Each size doubles the previous tier's CPU and memory:

Size Workers CPU Request Memory When to Use
xs 0.4 0.5 Gi Small datasets, light testing
s 1 0.8 1.0 Gi Testing, simple filters, single source/sink, low volume (default)
m 4 1.6 2.0 Gi Multiple sinks, Kafka streaming, moderate transform complexity
l 10 3.2 4.0 Gi Multi-event decoding with UNION ALL, high-volume historical backfill
xl 20 6.4 8.0 Gi Large chain backfills, complex JOINs (e.g.

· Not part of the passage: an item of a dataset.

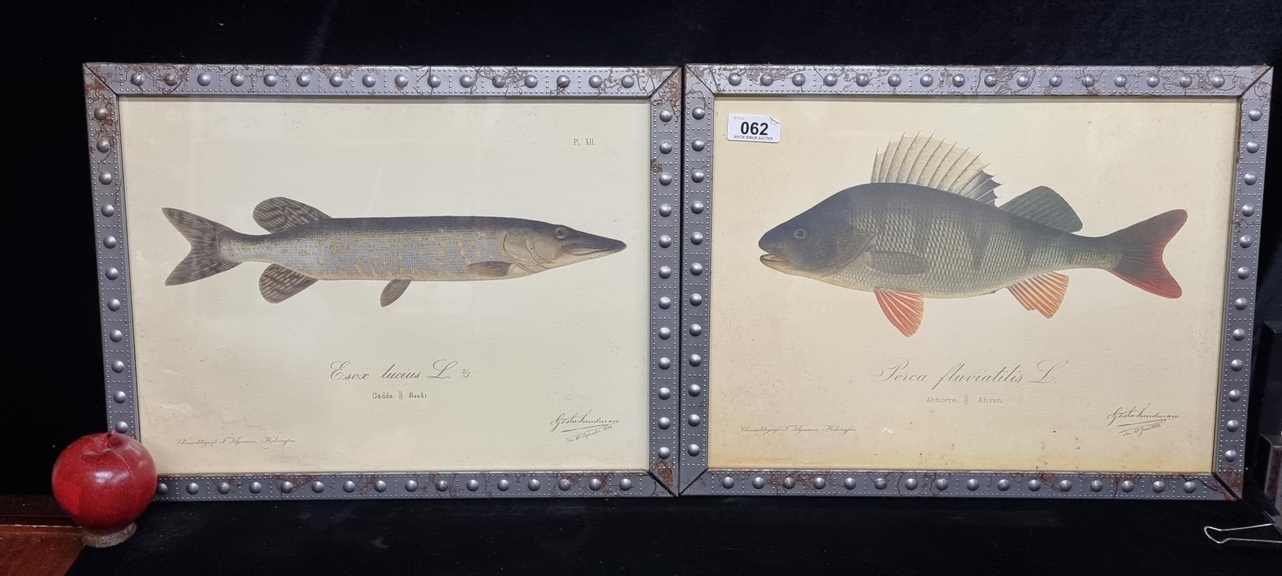 A fabulous pair of natural history prints originally by Finnish artist Gösta Sundman. Features a colourful Perch fish and a Northern Pike. Housed in metal frames.

Solana accounts+transactions)
xxl 40 12.8 16.0 Gi Highest throughput needs; up to 6.3M rows/min

Rules of thumb from production pipelines:

  • Simple filter + single sink → s (default, try this first)
  • Kafka source + multiple sinks OR multiple transforms → m
  • Raw log decoding + 5+ event types + UNION ALL → l
  • Historical backfill of high-volume data → l or xl (can downsize after catch-up)
  • Start small and scale up — defensive sizing avoids wasted resources

Sink Selection

Quick Reference

Destination Sink Type Best For
Application DB postgres Row-level lookups, joins, application serving
Real-time aggregates postgres_aggregate Balances, counters, running totals via triggers
Analytics queries clickhouse Large-scale aggregations, time-series data
Event processing kafka Downstream consumers, event-driven systems
Serverless streaming s2_sink S2.dev streams, alternative to Kafka
Notifications webhook Lambda functions, API callbacks, alerts
Data lake s3_sink Long-term archival, batch processing
Testing blackhole Validate pipeline without writing data

Decision Flowchart

What's your primary use case?
├─ Application serving (REST/GraphQL API)
│  └─ PostgreSQL ← row-level lookups, joins, strong consistency
├─ Analytics / dashboards
│  ├─ Time-series queries → ClickHouse ← columnar, fast aggregations
│  └─ Full-text search → Elasticsearch / OpenSearch
├─ Real-time aggregations (balances, counters)
│  └─ PostgreSQL Aggregate ← trigger-based running totals
├─ Event-driven downstream processing
│  ├─ Need Kafka ecosystem → Kafka
│  └─ Serverless / simpler → S2 (s2.dev)
├─ Notifications / webhooks
│  └─ Webhook ← HTTP POST per event
├─ Long-term archival
│  └─ S3 ← object storage, cheapest for bulk data
├─ Just testing
│  └─ Blackhole ← validates pipeline without writing
└─ Multiple of the above
   └─ Use multiple sinks in the same pipeline (fan-out pattern)

PostgreSQL Aggregate Sink

The postgres_aggregate sink is uniquely suited for real-time running aggregations (balances, counters, totals). It uses a two-table pattern: a landing table that receives raw events, and an aggregation table maintained by a database trigger.

sinks:
  token_balances:
    type: postgres_aggregate
    from: transfers
    schema: public
    landing_table: transfer_events
    agg_table: account_balances
    primary_key: id
    secret_name: MY_POSTGRES
    group_by:
      account:
        type: text
      token_address:
        type: text
    aggregate:
      balance:
        from: amount
        fn: sum
      transfer_count:
        from: id
        fn: count

Supported aggregation functions: sum, count, avg, min, max

Multi-Sink Considerations

  • Each sink reads from a from: field — different sinks can read from different transforms
  • Sinks are independent — one failing doesn't block others
  • Use different batch_size / batch_flush_interval per sink based on latency needs
  • ClickHouse supports parallelism: N for concurrent writers (default 1)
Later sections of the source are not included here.